The Commonwealth, led by its envoy, the former president of Malawi, Lazarus Chakwera, was able to secure an appointment to see Lissu this week. It has taken the Commonwealth months to act despite its constitutional commitment to safeguard democracy and ensure shared values.
At the meeting, Lissu unapologetically articulated his terms to normalise politics in Tanzania.
First, given that the treason case facing him arises from his stance of “No Reforms, No Election”, all cases against him and against the party should be withdrawn. He is willing to engage in dialogue only as a free person, and together with his party.
Second, all incidents that occurred in October 2025 should be subjected to an independent investigation through an international body, such as the SADC.
Of the related need, third, for an enabling environment for genuine dialogue, as well as a firm commitment to implement its outcomes.
Fourth, there is in place a system of institutional accountability for the events of October 2025. He has emphasised the importance of revisiting the Nyalali Commission Report of 1991, on which Tanzania’s move from a single-party to a multiparty system was based.
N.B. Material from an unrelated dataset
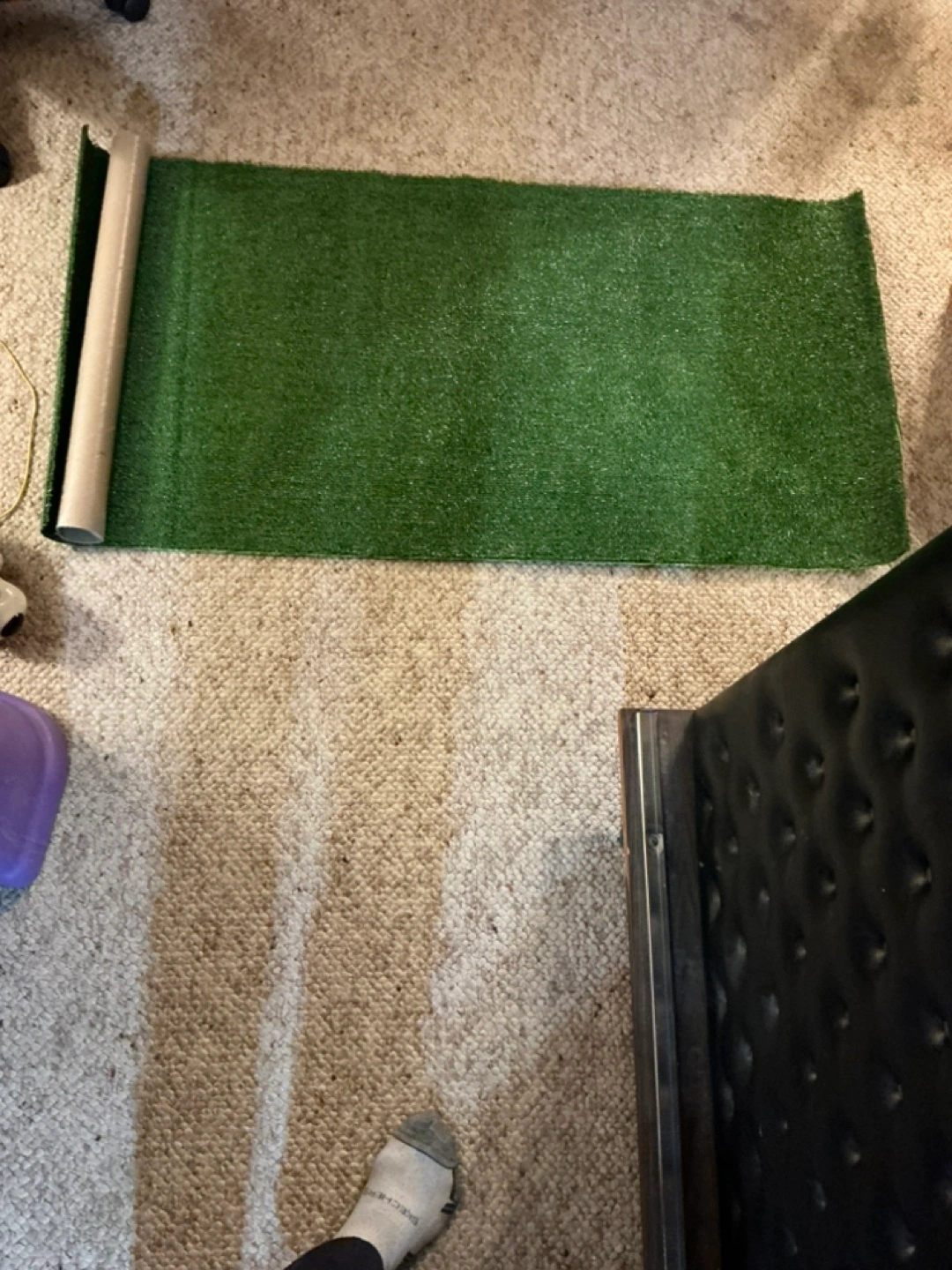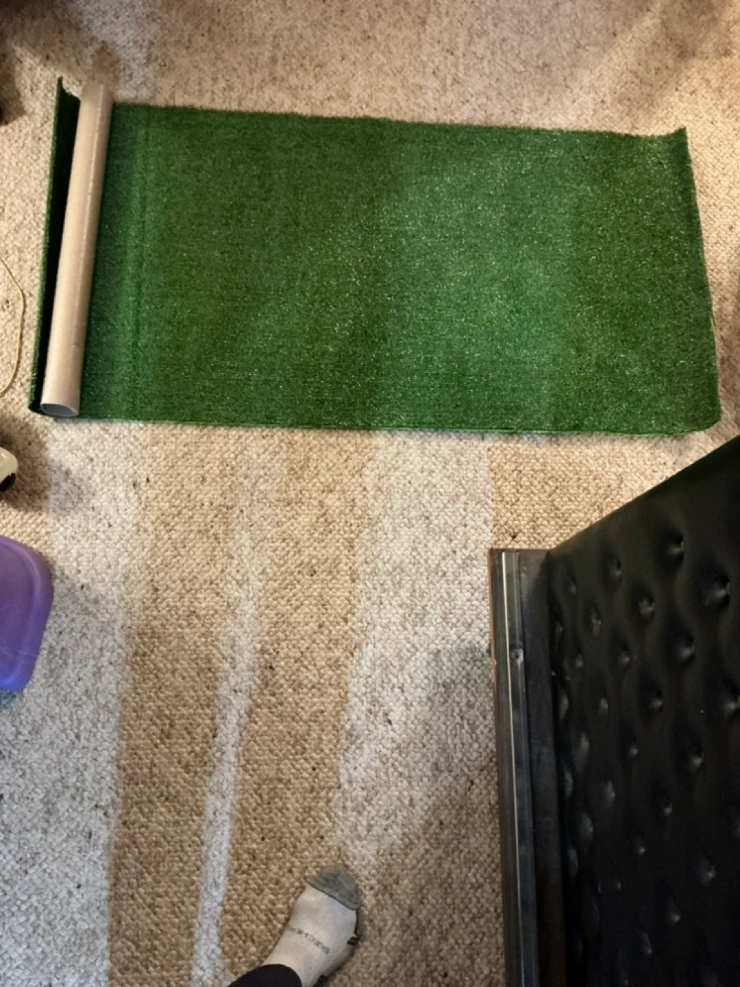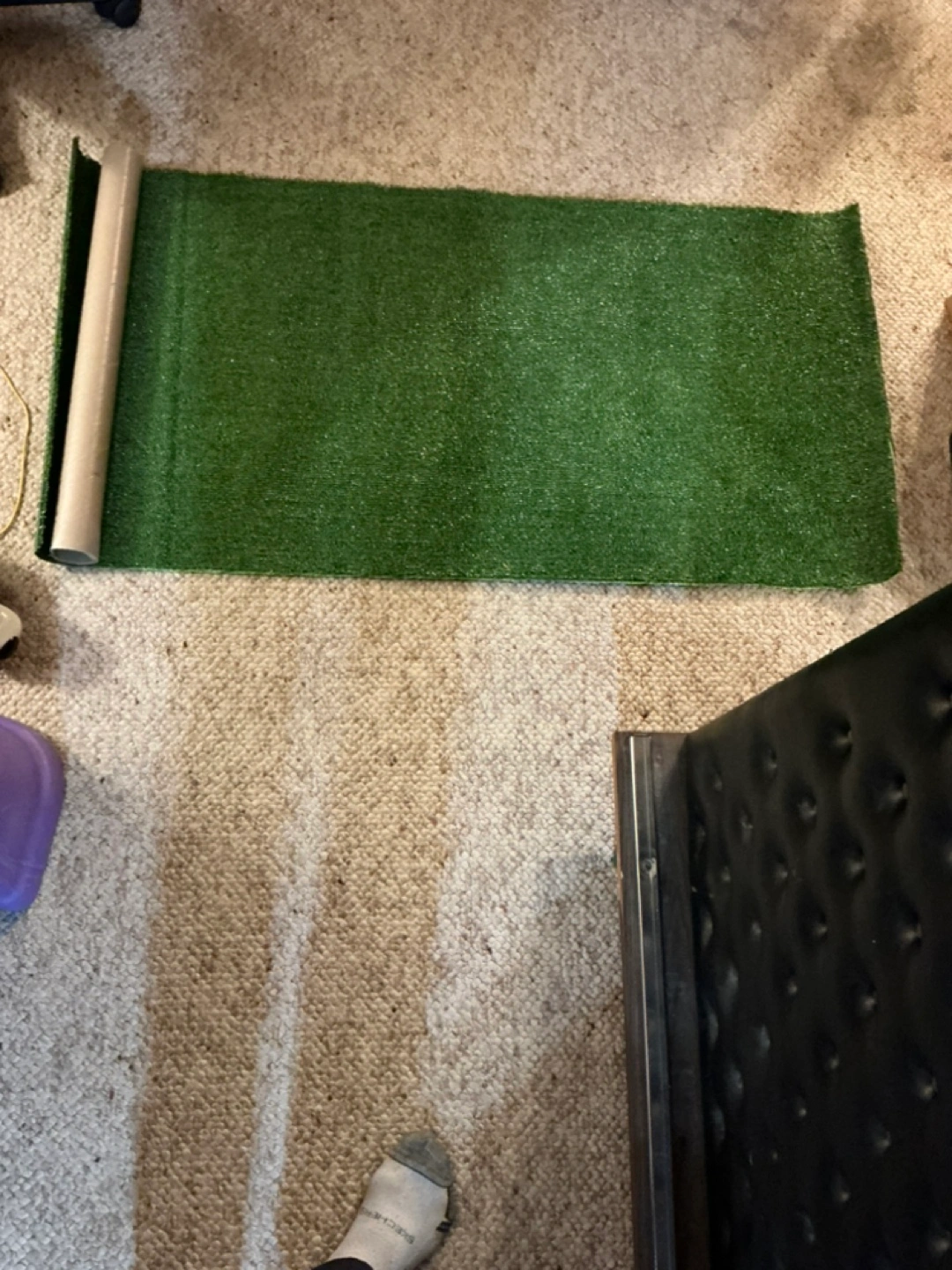 Green artificial turf 24” x 48”. Rolled up. Refill for dogs pee pad. Also great for crafts or other projects.

Lissu, who survived an assassination attempt in September 2017 during a parliamentary session break, in which he was shot 16 times by an AK-47-wielding assailant in Dodoma, said that there is a need for reform within the security and defence sector based on the 2023 Chande Commission Report, which suggested ways of strengthening Tanzania’s criminal justice system.
Lissu has argued, sixth, for a comprehensive reform of the electoral system, including the dissolution of the Independent National Electoral Commission and the establishment of a new independent body.
And, finally, all of this has to be encompassed within a new constitutional arrangement.
To enable dialogue to solve the current impasse, not only would Lissu have to be released, but party members would also have to be permitted to travel.
Leading, whatever the personal cost
Similar democratic challenges exist across the southern Africa region in the other “not free” countries led by former liberation movements. In Zimbabwe, civil society is resisting the president’s attempts to change the constitution outside of a referendum. If this is allowed, it would not only extend his term of office, but also remove his direct election by citizens and thus his accountability.
In Angola, with elections scheduled for the end of 2027, the opposition is working to undo the stranglehold on power that the ruling People’s Movement for the Liberation of Angola (MPLA) has enjoyed since independence in 1975. Despite its domination of the media and use of public resources, which makes a mockery of free and fair elections, Unita came close to winning the 2022 election, apparently too close for the MPLA’s liking.
The Commonwealth’s intervention in Tanzania will be applauded if it can walk the talk of its own obligations, in so doing establishing a rationale for its perpetuation and usefulness to its citizens and not just its political personalities.
Its charter explicitly affirms that “the special strength of the Commonwealth lies in the combination of our diversity and our shared inheritance in language, culture and the rule of law; and bound together by shared history and tradition; by respect for all states and peoples; by shared values and principles and by concern for the vulnerable.”
More specifically, it states: “We recognise the inalienable right of individuals to participate in democratic processes, in particular through free and fair elections in shaping the society in which they live. Governments, political parties and civil society are responsible for upholding and promoting democratic culture and practices and are accountable to the public in this regard. Parliaments and representative local governments and other forms of local governance are essential elements in the exercise of democratic governance.”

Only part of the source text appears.